__TASK STATEMENT__
The copy should hold exactly the lines below from the one that contains "Le dossier réglable" through the one that contains "Wholesale Factory Direct" and nothing else, so no pictures.

__ENTRIES SHOWN__
____

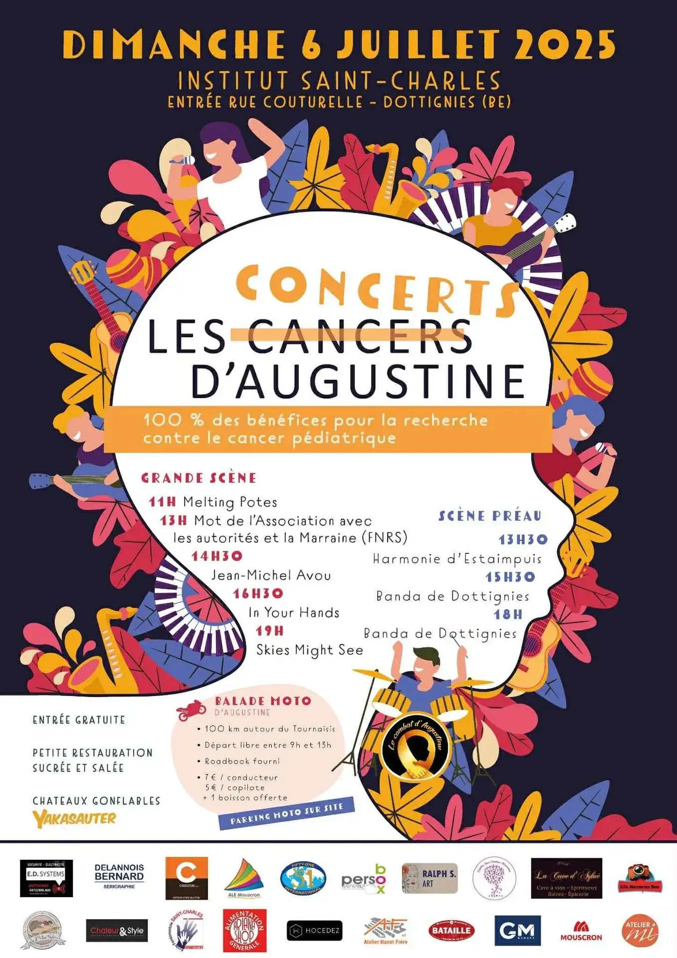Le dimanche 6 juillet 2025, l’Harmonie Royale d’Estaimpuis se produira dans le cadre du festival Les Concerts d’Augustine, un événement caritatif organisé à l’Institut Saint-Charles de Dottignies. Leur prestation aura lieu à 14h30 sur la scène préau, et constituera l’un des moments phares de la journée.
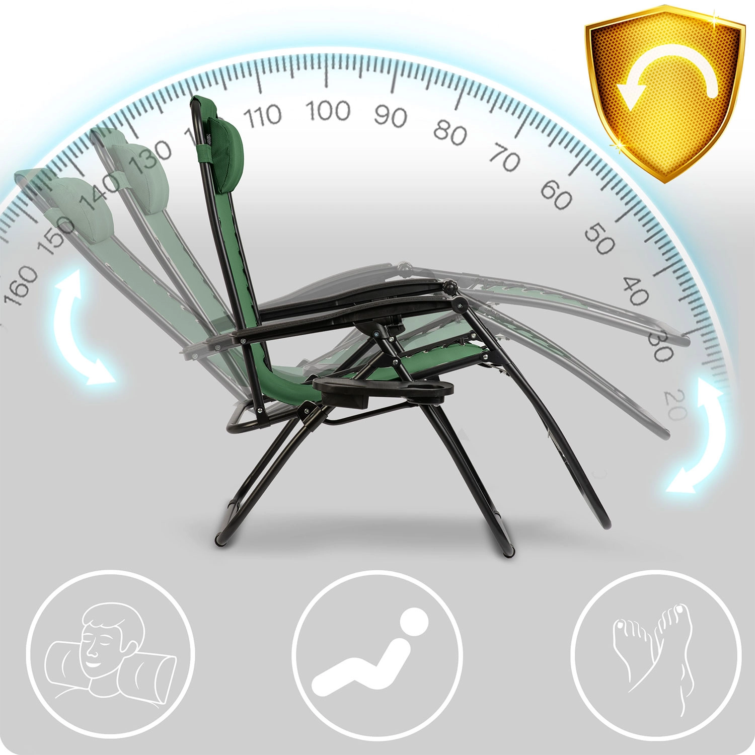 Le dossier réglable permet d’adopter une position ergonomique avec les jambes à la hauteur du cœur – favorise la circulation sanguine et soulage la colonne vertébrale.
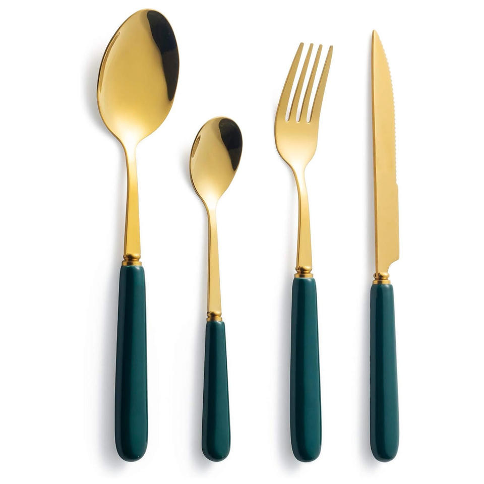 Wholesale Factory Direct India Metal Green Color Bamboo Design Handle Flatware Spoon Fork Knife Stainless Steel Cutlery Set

____

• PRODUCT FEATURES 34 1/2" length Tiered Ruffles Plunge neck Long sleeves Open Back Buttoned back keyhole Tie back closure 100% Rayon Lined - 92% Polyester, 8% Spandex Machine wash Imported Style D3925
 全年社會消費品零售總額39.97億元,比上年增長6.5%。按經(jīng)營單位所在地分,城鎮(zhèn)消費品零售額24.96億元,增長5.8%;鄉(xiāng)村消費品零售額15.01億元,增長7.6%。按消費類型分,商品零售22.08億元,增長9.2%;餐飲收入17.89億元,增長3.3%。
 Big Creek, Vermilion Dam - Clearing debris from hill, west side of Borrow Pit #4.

____

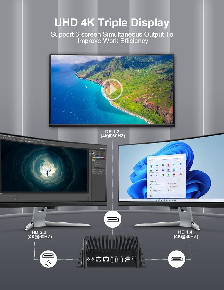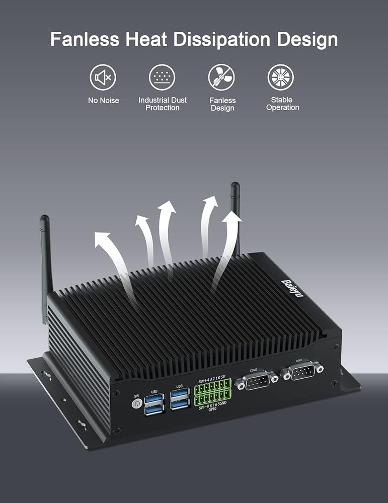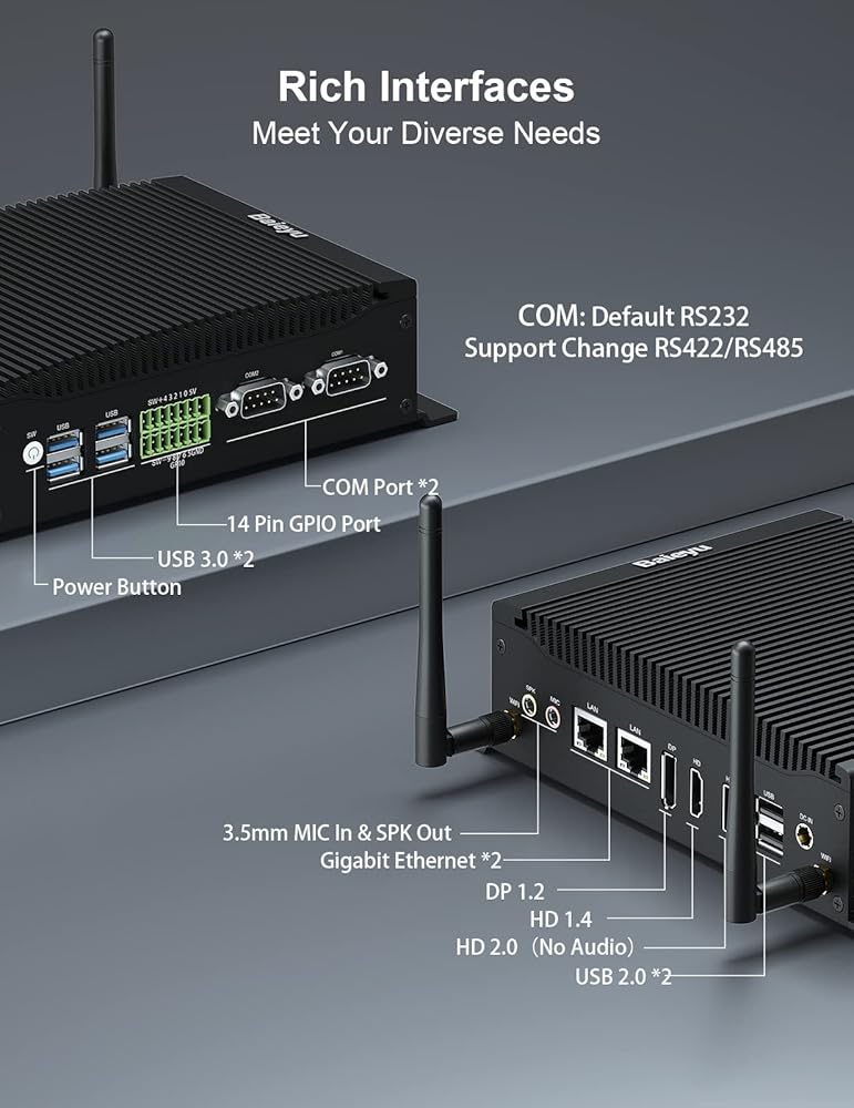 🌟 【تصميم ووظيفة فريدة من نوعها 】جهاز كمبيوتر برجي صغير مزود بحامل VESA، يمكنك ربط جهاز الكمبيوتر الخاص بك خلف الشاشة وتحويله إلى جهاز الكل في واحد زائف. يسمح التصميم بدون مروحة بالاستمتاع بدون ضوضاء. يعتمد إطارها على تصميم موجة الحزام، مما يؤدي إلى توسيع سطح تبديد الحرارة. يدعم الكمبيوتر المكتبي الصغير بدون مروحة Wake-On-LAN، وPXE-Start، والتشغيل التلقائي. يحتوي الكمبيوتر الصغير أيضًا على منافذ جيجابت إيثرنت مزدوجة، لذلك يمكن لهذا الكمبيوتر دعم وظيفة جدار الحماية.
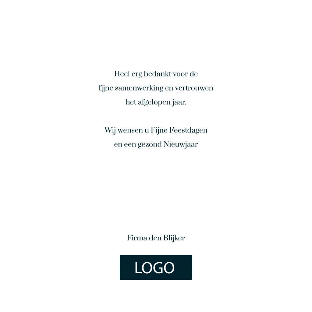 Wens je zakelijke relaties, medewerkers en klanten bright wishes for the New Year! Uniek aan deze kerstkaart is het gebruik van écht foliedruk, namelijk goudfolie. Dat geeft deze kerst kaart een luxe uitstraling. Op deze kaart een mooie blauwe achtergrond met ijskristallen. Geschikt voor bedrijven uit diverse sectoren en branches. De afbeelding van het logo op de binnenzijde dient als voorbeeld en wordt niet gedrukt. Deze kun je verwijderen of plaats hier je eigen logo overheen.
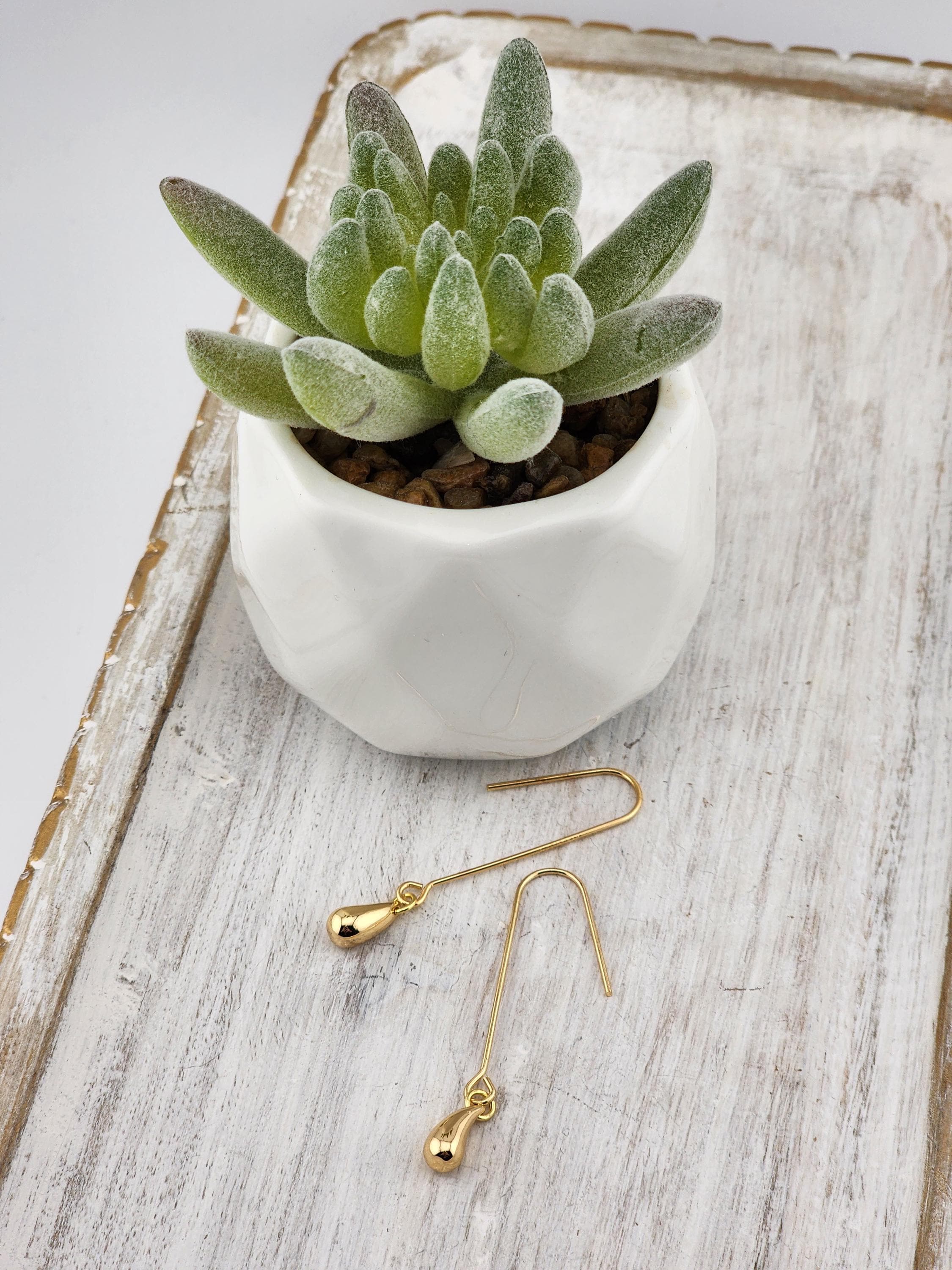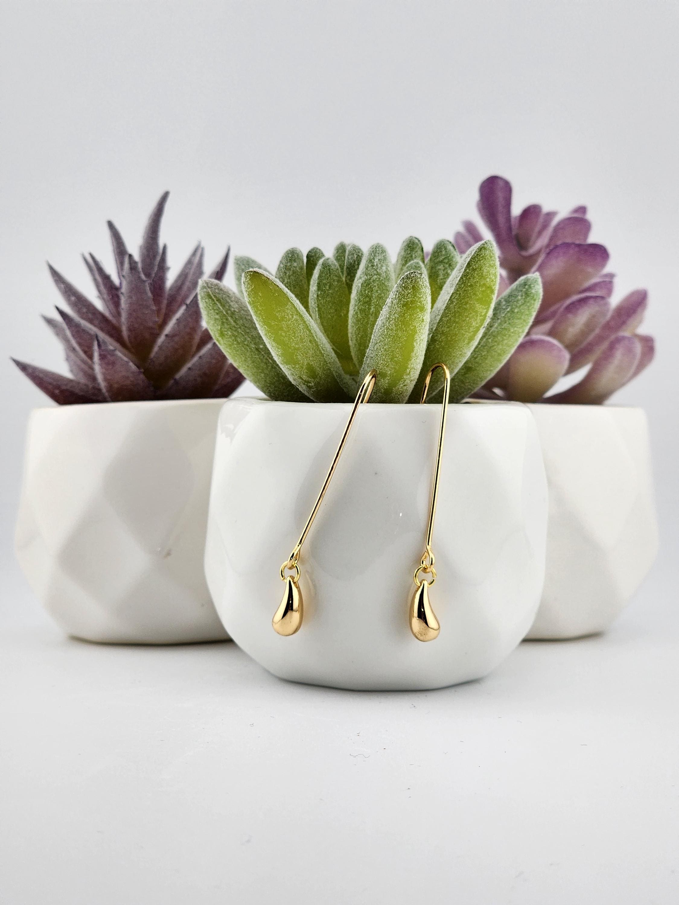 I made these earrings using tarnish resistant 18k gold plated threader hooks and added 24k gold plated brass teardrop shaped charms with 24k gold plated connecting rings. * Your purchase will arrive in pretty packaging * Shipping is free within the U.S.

____

__RESPONSE AREA__
 Le dossier réglable permet d’adopter une position ergonomique avec les jambes à la hauteur du cœur – favorise la circulation sanguine et soulage la colonne vertébrale.
 Wholesale Factory Direct India Metal Green Color Bamboo Design Handle Flatware Spoon Fork Knife Stainless Steel Cutlery Set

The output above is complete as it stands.